Functional assessment and specific depletion of alloreactive human T cells using flow cytometry

Sergio L.R. Martins, Lisa S. St. John, Richard E. Champlin, Eric D. Wieder, John McMannis, Jeffrey J. Molldrem, Krishna V. Komanduri

Research output: Contribution to journalArticlepeer-review

72 Scopus citations


Human T-cell alloreactivity plays an important role in many disease processes, including the rejection of solid organ grafts and graft-versus-host disease (GVHD) following allogeneic stem cell transplantation. To develop a better understanding of the T cells involved in alloreactivity in humans, we developed a cytokine flow cytometry (CFC) assay that enabled us to characterize the phenotypic and functional characteristic of T cells responding to allogeneic stimuli.
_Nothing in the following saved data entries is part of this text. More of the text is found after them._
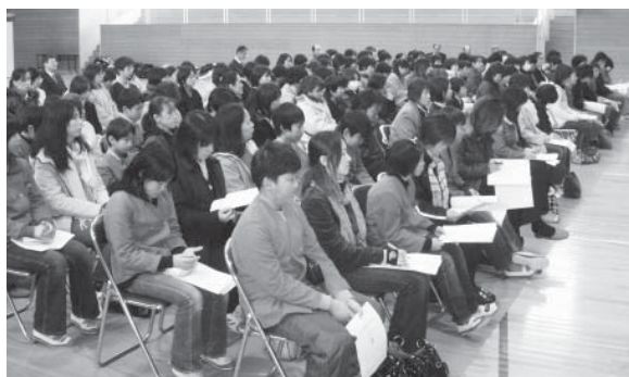
▲入学説明会の様子

2月9日に、村岡中学校入学予定の3小学校の児童と保護者に対して入学説明会を行いました。中学校生活と小学校生活の違いや服装、持ち物、部活動の種類、通学方法と補助金などの説明を行いました。児童は、担当教師の説明を神妙な面持ちで聞き入っていました。また、保護者からは生徒の服装や持ち物などについて、詳しい説明が求められました。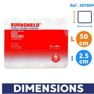
dimension compresse burnshield ref : 307009 disponible du smsp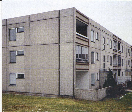
Hier wohnte nur, wer keine andere Wahl hatte: Gärdssten vor der Renovation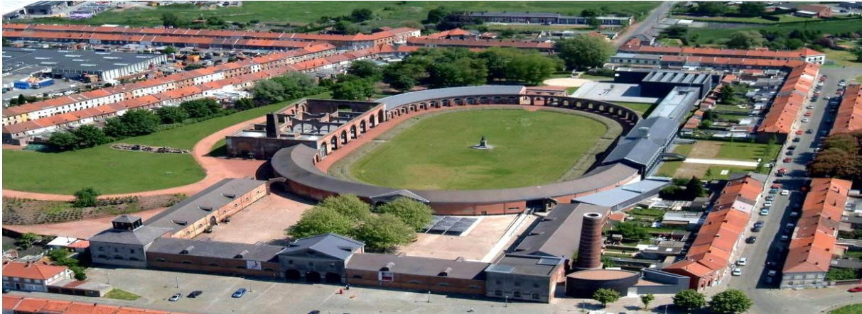
Slika 1. Grand-Hornu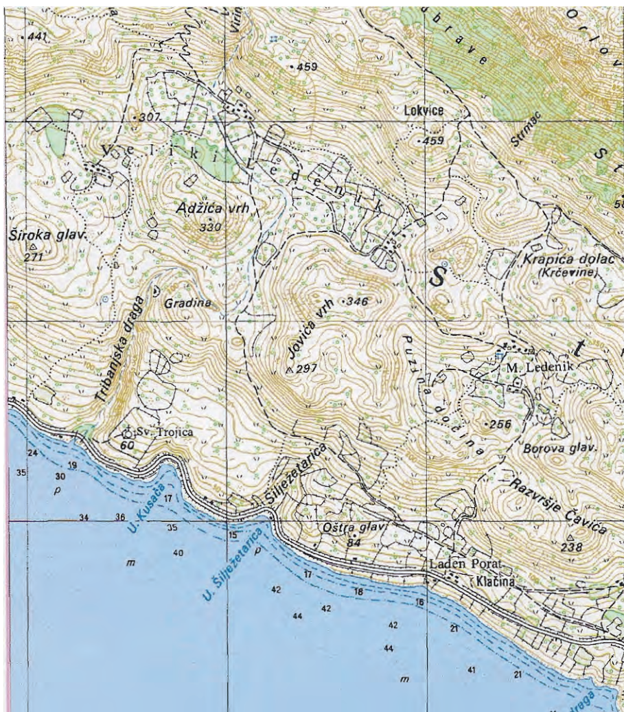
Sl. 8. Topografska karta s položajem Gradine Sv. Trojice / Fig. 8. Topographic map with the location of the St. Trinity hillfort

Važno je napomenuti da je arheološka zona poznata pod imenom Sv. Trojica bila kontinuirano predmetom znatnog interesa, koji se ogleda u rekognosciranjima, pokusnim i zaštitnim sondiranjima, daljinskom snimanju i interpretaciji satelitskih i zrakoplovnih snimaka, a u novije vrijeme i pomoću drona. Kao treća dimenzija arheologije proučavan je dokazani brodolom u prirodnim uvalama podno kastrona. Tijekom srpnja 1990. i 1996. autor ovog priloga detaljnije je obišao lokalitet Sv. Trojicu i tom prigodom registrirao dobro očuvane sekcije pravolinij-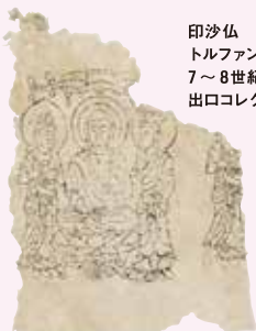
印沙仏 トルファン 7~8世紀 出口コレクション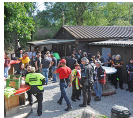
Randonnée valaisanne des motards

N'oubliez pas la concentration internationale de motos à l'occasion des 100 ans du Moto Club Vevey qui organise en même temps une superbe exposition ainsi que le Rallye FMS, venez nombreux à Vevey aux Galeries du Rivage du 23 au 25 septembre prochains. Profitez ce sera une belle fête. Possibilité encore de s'inscrire rapidement. Voir le site www.motoclubvevey.ch ◆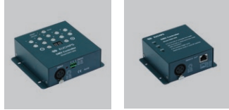
DMX Kontrol Ünitesi

İç ve dış aydınlatmada yere gömme olarak kullanılabilen yüksek verimli lineer armatürlerdir. Paslanmaz çelikten çerçevesi, yüksek dayanımlı ısı işlem görmüş camı, ısıyı kolayca transfer edebilen korozyona dayanıklı alüminyum gövde yapısı sayesinde uzun kullanım ömrüne sahiptir. Armatürde üretilen ışığın renk sıcaklığı farklı LED'ler aracılığıyla sağlanabilmektedir. DMX kontrol ünitesine bağlanarak RGB olarak kullanılabilir.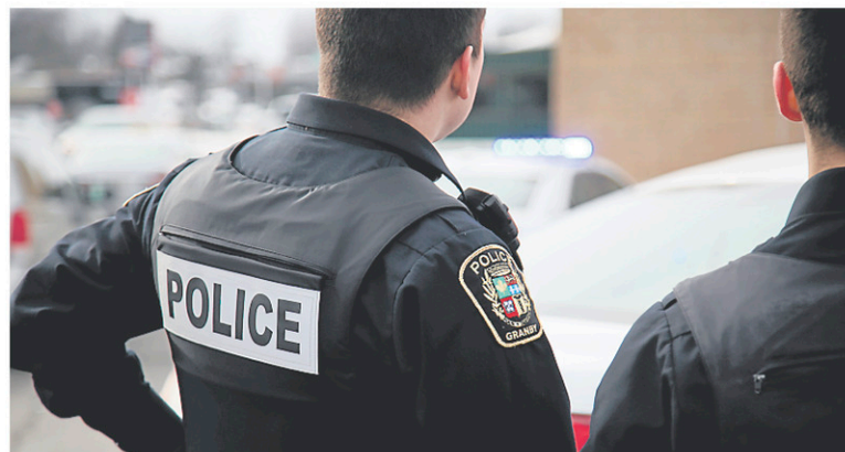
Un conducteur en état d'ébriété qui voulait échapper aux policiers a provoqué une poursuite, mercredi soir, au centre-ville de Granby.

D'ici là, son permis de conduire a été suspendu 90 jours et sa voiture a été remise.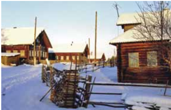
Деревня Нижнее Золотилово. 2010-е годы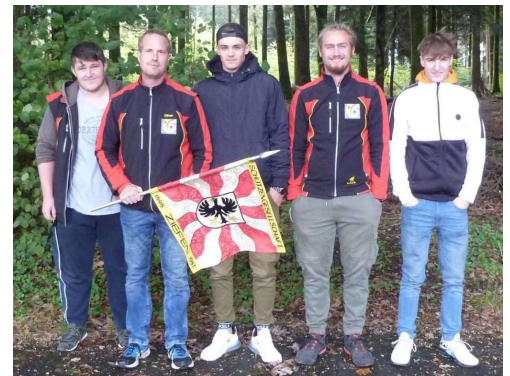
U21, 8. Rang mit 708 Punkten.

Am 17. September fand die Eidg. Gruppenmeisterschaft in Emmen statt. Unsere U21 Gruppe war bei gesamt-schweizerisch Qualifikationsrangliste auf dem erwartungsvollen ersten Rang. Dies half uns aber herzlich wenig, es starteten alle wieder bei 0 Punkten. Es wurden 2 Durchgänge geschossen, das Maximum ist 800 Punkte. Mit 708 Punkte knackten wir die 700er Marke erneut und klassierten uns auf dem hervorragendem 8. Platz und damit beste Sektion aus dem Kanton BL. Dies ist ein erneuter Rekord seit ich im Amt bin.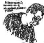
В. Кривошеин: много в истории истории?

Using this approach, we determined that most T-cell alloreactivity resided within the CD4+ T-cell subset, as assessed by activation marker expression and the production of effector cytokines (eg, tumor necrosis factor α[TMF]α) implicated in human GVHD. Following prolonged stimulation in vitro using either allogeneic stimulator cells or viral antigens, we found that coexpression of activation markers within the CD4+ T-cell subset occurred exclusively within a subpopulation of T cells that significantly increased their surface expression of CD4. We then developed a simple sorting strategy that exploited these phenotypic characteristics to specifically deplete alloreactive T cells while retaining broad specificity for other stimuli, including viral antigens and third-party alloantigens. This approach also was applied to specifically enrich or deplete human virus-specific T cells.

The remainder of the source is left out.